DNA Isolation and Extraction Techniques

These flashcards cover key concepts related to the isolation and extraction of DNA and RNA, as described in the lecture notes.

Why do we isolate nucleic acids?

To diagnose infections, diseases, for oncology, paternity testing, as well as for research, agriculture, environment, and forensic analysis.

What is lysis in the context of nucleic acid extraction?

The process of breaking the cell wall and membrane to release nucleic acids for analysis.

What is the ideal condition for isolating nucleic acids?

Nucleic acids should be free of contamination from proteins, carbohydrates, lipids, and other nucleic acids.

What is a common method for degrading cell walls in bacteria or fungi?

Mechanical grinding, mixing, or using enzyme products that digest cell walls.

What is the purpose of a centrifuge in DNA extraction?

To separate components based on density, allowing for the collection of white blood cells containing DNA.

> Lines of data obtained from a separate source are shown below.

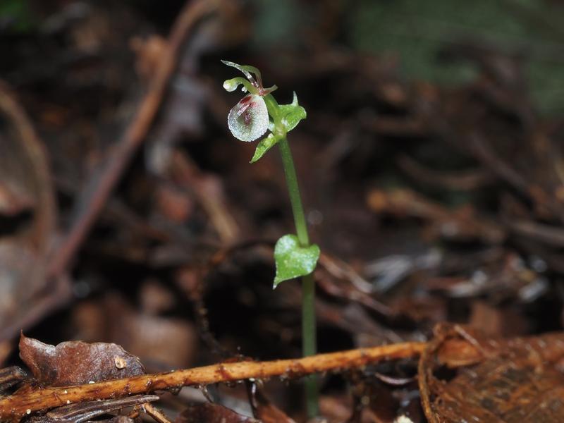 | 種の概要 | 暖温帯の常緑広葉樹林下またはスギ林下に生育する多年草。球茎は2~3mmで,高さ3~10cmの地上茎を出す。葉は茎の中央より上部に1個つき,卵形で長さ3~5mmほど。8~9月に淡緑色で僅かに紫色を帯びた花を2~3個ほど茎頂につける。国内では,本州(和歌山県・伊豆諸島),四国,九州に分布する。 |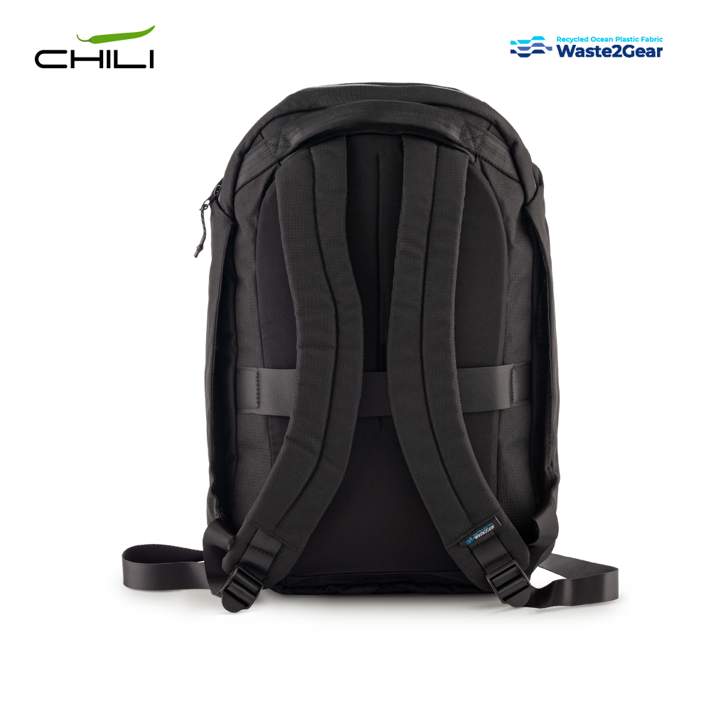 Morral en poliéster reciclado de residuos plásticos recuperados del océano. Seis compartimentos con cierre de cremallera. Incluye placa metálica para marcar. Medidas: 47 cm x 36 cm x 12 cm . Marca: 3 cm Láser/ 10 cm Screen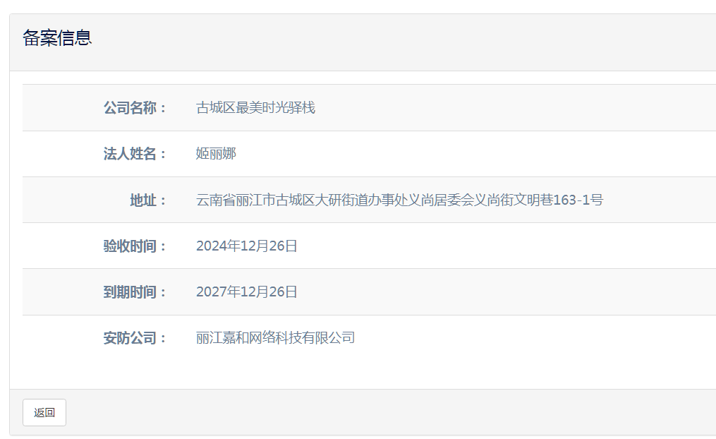 關于古城區最美時光驛棧電子監控安防合格證下證通知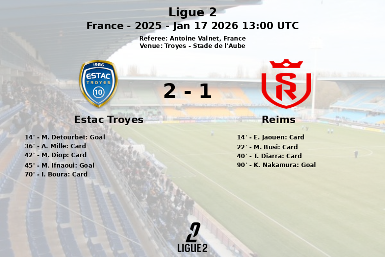 La segunda mitad fue aún más tensa, con la expulsión de M. Diop del Troyes al minuto 42, obligando al equipo local a jugar con diez hombres durante gran parte del segundo tiempo. A pesar de la inferioridad numérica, el Troyes se mantuvo firme en defensa, aunque el Reims, con un 62% de posesión y 8 saques de esquina, intentó insistentemente reducir la diferencia. K. Nakamura logró descontar para el Reims en el minuto 90, pero no fue suficiente para cambiar el resultado final. El partido concluyó con un total de 12 faltas cometidas por el Troyes y 18 por el Reims, reflejando la intensidad del juego. A pesar de tener menos tiros a puerta (3 contra 3), el Troyes fue más eficaz, capitalizando sus oportunidades para llevarse la victoria en casa.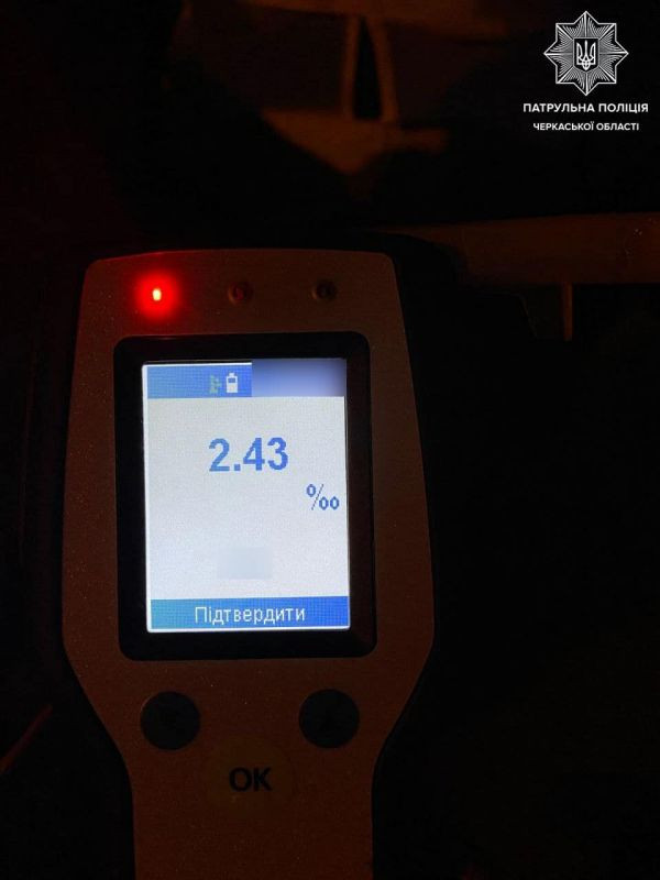 Спілкуючись із 20-річним громадянином, патрульні виявили в останнього ознаки алкогольного сп’яніння та запропонували йому пройти огляд на стан сп’яніння за допомогою приладу Драгер, на що керманич погодився. Результат — 2,43 проміле. Також поліцейські встановили, що останній вже позбавлений права керування транспортними засобами строком на 5 років.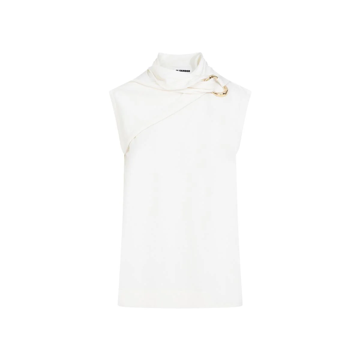 Jil Sander Draped Knitted Coconut Virgin Wool Tank Top. White virgin wool, turtle neck with draped effect and gold-tone metal ring detail, sleeveless, straight hem. Gender: Women Material: 100%VIRGIN WOOL Color: WHITE Made in: IT Product ID: J01NC0136.J14699_104 *Import tax/duty will be calculated at checkout (If applicable)
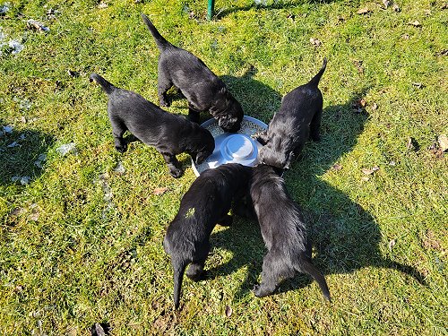 Die Welpen werden nun meist in einem Ringnapf gefüttert. Das Picknick im Garten bestand diesmal aus eingeweichtem Welpentrockenfutter mit etwas Ziegenmilch. Die Puppies wären keine Flatcoated Retriever, wenn auch nur ein Bröckchen übrig bliebe. Nach dem Picknick wird die Umgegend erkundet. Zunächst wird gemeinsam ein bewachsener Hügel vorsichtig in Augenschein genommen. Dabei machen die Welpen auch Bekanntschaft mit den Schneeresten im Schatten. Ein Baby trainiert schon mal den Gassenslalom. Sehr fleißig, unsere Nachwuchshoffnung!

What component is used to precipitate proteins during DNA extraction?

Ammonium acetate, which is added to a solution containing proteins to separate them from DNA.

What is the purpose of isopropanol in DNA extraction?

To precipitate DNA from solution after it has been isolated.

How is the purity of extracted DNA assessed?

By measuring the A260/A280 ratio, with pure DNA ideally around 1.8 to 2.0.

What is the purpose of RNase-free areas in RNA extraction?

To prevent contamination that could degrade the fragile RNA.

What does Reverse Transcriptase PCR accomplish?

It converts RNA into complementary DNA (cDNA) before conducting PCR, allowing the analysis of RNA expression and detecting RNA viruses.

What is the significance of Taq polymerase in PCR?

It is a thermostable enzyme used for DNA amplification, allowing the PCR process to endure high temperatures.

What does the amplification program in PCR consist of?

A series of cycles including denaturation, annealing, and extension to amplify the target DNA.

What is the difference between qualitative and quantitative PCR?

Qualitative PCR detects the presence of DNA, while quantitative PCR measures the amount of DNA produced during the reaction.

What is Gel electrophoresis used for?

To assess the quality and size of DNA fragments.

What is the main risk associated with PCR?

Contamination, leading to false results or amplification of non-target sequences.